The indirect effect of the COVID pandemic on soybean oil, a key input for biodiesel production, caused a price increase of 39% in 2022 compared to January 2021, and a 76% increase compared to as of January 2020, using historical data from CME Chicago. The current CME Chicago price for a pound of soybean oil is $0.59 compared to $0.33 two years ago. Assuming the price base is stable from January 2020 to January 2022, our analysis indicates that setting the blend ratio at 13% would force diesel fuel prices to increase by 2.1% compared to maintaining the ratio at 10%. . Our analysis considered that petroleum-derived diesel prices had increased by 8%, as communicated by Petrobras on January 11, 2021. In light of these events, biodiesel advocacy groups have requested a veto from President Jair Bolsonaro and brought popular actions against the CNPE measure.
From the federal government’s perspective, the president is unlikely to reverse the CNPE’s decision. In fact, the country’s trade balance should benefit in a “post” pandemic period of high uncertainty. Brazil is a natural exporter of agricultural products, including soybean oil. The amount of oil that would otherwise be used for biodiesel production will find its destination abroad, likely to be traded at current international prices to bolster Brazil’s exports.
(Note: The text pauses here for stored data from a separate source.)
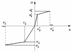 - характеристики ветви сжатия являются отрицательными числами; - участки задаются слева направо (сжатие-растяжение) ; Количество i-точек не ограничено. Алгоритм: если значение обобщенной деформации выходит за пределы заданной ломаной, моделируется выключение материала (Ei = 1) элементарной площадки из работы сечения. Ограничения: - горизонтальные участки задавать запрещено. Закон с индексом 14 может быть применен для любого материала, как основного, так и армирующего. |
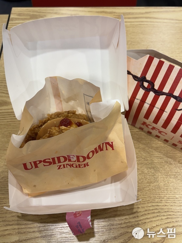 | '업사이드다운징거' 버거는 KFC 대표 메뉴 '징거'를 기묘한 이야기 세계관 관점에서 재해석한 한정판 버거다. [사진=송은정 기자] |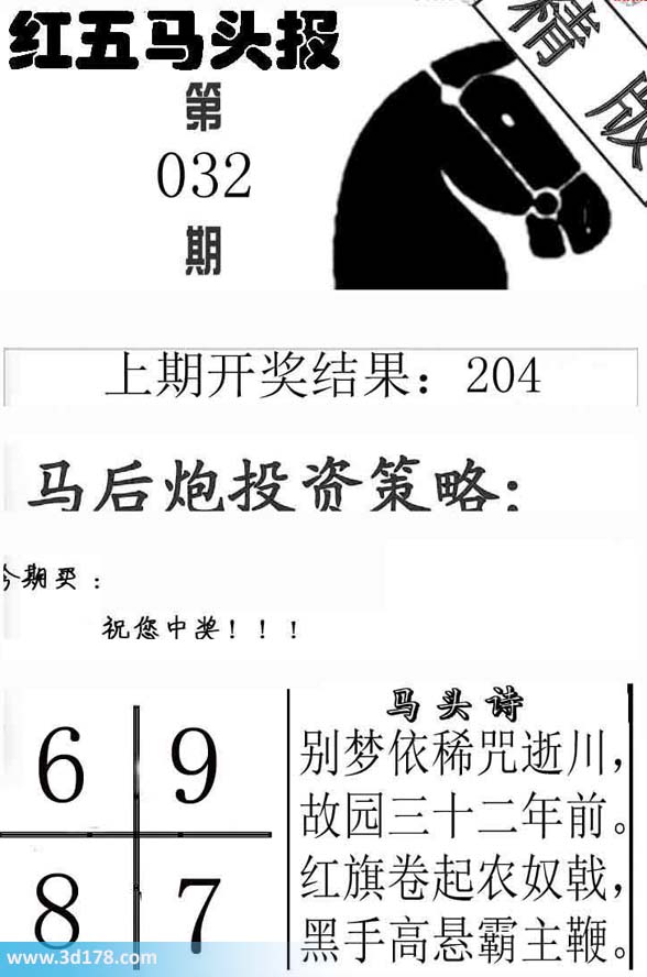 福彩3d第2014032期红五马头报:

Financial resources resulting from international trade will help the country address some of the macroeconomic challenges caused by the pandemic.
Curiously, a similar action was taken by the US Environmental Protection Agency (EPA) regarding biofuel blending requirements for US refiners in 2020 and 2021. The Agency reduced biofuel mandates by approximately 15% over those years, with an aggressive plan to increase the mix. ratio in 2022. With this measure, US policymakers ended up releasing large amounts of corn (feedstock for conventional ethanol) and soybeans (feedstock for biodiesel) that were traded when feedstock prices were very high. On the other hand, the mandate may have sounded to some like a lack of government commitment to the environment. As set out in the Energy Independence and Security Act (EISA) of 2007, US renewable fuels targets are expected to be back on track in 2022, except for the unrealistic target set for cellulosic ethanol.
Policymakers in both countries must have reviewed the questions we think about after learning about and observing these policy decisions: How much does it cost to reduce carbon emissions and substitute renewable energy for fossil fuels? When is it justified to set aside strong sustainability plans? These are undoubtedly difficult questions to answer. I can only imagine a day in the life of a decision maker in charge of these calls.